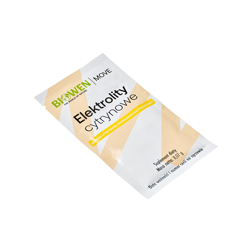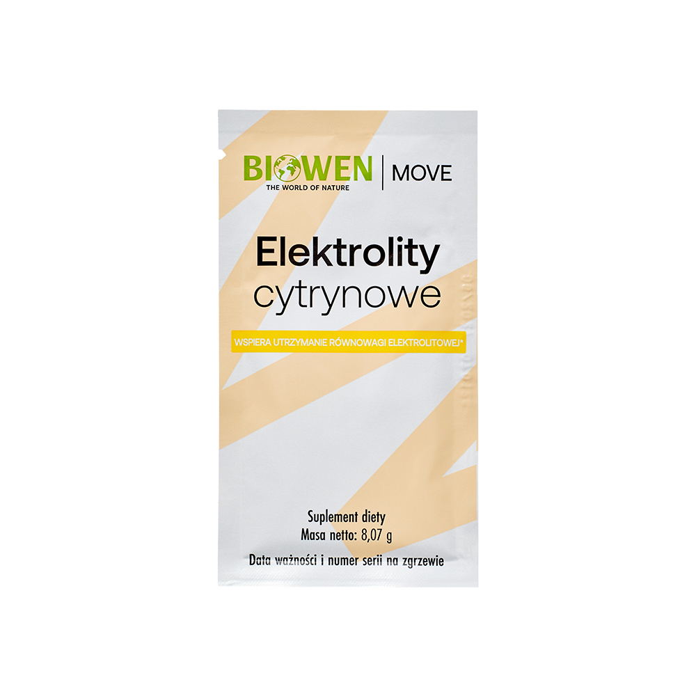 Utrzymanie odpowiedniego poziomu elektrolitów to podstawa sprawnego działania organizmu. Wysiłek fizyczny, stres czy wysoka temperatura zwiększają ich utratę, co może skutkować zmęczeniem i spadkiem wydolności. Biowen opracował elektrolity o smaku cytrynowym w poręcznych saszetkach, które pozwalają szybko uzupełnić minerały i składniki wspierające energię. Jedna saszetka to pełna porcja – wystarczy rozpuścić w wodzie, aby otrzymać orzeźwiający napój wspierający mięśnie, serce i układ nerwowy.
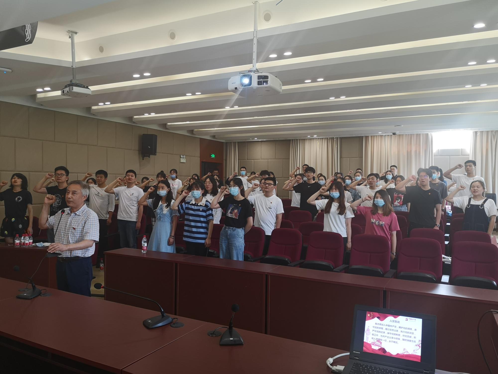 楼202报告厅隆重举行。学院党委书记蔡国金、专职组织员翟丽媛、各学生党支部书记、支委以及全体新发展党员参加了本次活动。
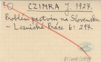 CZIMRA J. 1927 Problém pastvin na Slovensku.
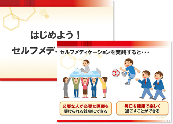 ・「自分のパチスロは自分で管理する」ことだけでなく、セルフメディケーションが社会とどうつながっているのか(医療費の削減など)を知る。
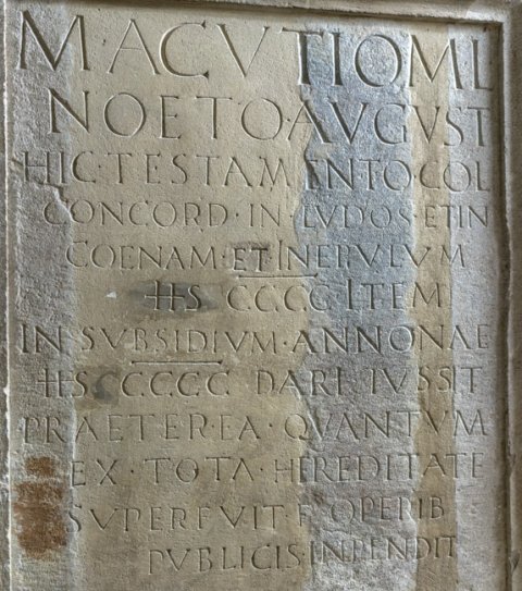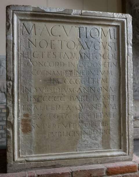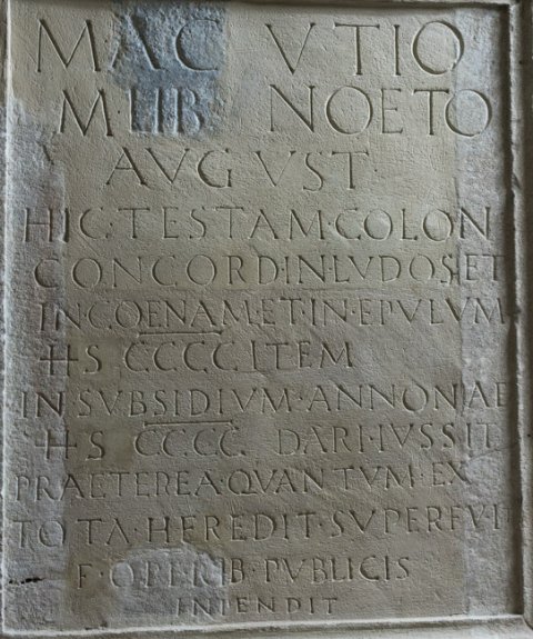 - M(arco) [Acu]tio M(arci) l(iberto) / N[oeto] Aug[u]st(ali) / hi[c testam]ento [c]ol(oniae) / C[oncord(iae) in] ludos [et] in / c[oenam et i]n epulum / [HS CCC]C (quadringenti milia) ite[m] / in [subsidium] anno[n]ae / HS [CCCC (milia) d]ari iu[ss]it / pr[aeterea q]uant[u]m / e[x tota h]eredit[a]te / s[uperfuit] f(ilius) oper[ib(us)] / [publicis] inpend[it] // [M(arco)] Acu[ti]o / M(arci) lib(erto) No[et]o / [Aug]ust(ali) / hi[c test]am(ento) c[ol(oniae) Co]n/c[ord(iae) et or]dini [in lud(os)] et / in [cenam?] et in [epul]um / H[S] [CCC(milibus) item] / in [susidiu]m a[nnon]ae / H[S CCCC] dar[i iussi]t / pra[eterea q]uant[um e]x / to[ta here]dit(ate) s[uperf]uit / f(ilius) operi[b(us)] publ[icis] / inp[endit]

---

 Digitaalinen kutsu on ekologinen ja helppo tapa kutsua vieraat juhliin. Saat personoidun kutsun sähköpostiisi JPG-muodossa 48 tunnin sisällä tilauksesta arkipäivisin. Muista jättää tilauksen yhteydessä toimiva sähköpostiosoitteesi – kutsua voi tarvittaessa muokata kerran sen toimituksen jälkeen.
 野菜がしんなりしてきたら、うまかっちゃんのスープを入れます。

- _What you will do_
Between and including the line above that contains "CZIMRA J. 1927 Problém pastvin na Slovensku." and the line that contains "- M(arco) [Acu]tio", restate every line word for word. Pictures stay out.

- _Result of the task_
 CZIMRA J. 1927 Problém pastvin na Slovensku.
 ・「自分のパチスロは自分で管理する」ことだけでなく、セルフメディケーションが社会とどうつながっているのか(医療費の削減など)を知る。
 - M(arco) [Acu]tio M(arci) l(iberto) / N[oeto] Aug[u]st(ali) / hi[c testam]ento [c]ol(oniae) / C[oncord(iae) in] ludos [et] in / c[oenam et i]n epulum / [HS CCC]C (quadringenti milia) ite[m] / in [subsidium] anno[n]ae / HS [CCCC (milia) d]ari iu[ss]it / pr[aeterea q]uant[u]m / e[x tota h]eredit[a]te / s[uperfuit] f(ilius) oper[ib(us)] / [publicis] inpend[it] // [M(arco)] Acu[ti]o / M(arci) lib(erto) No[et]o / [Aug]ust(ali) / hi[c test]am(ento) c[ol(oniae) Co]n/c[ord(iae) et or]dini [in lud(os)] et / in [cenam?] et in [epul]um / H[S] [CCC(milibus) item] / in [susidiu]m a[nnon]ae / H[S CCCC] dar[i iussi]t / pra[eterea q]uant[um e]x / to[ta here]dit(ate) s[uperf]uit / f(ilius) operi[b(us)] publ[icis] / inp[endit]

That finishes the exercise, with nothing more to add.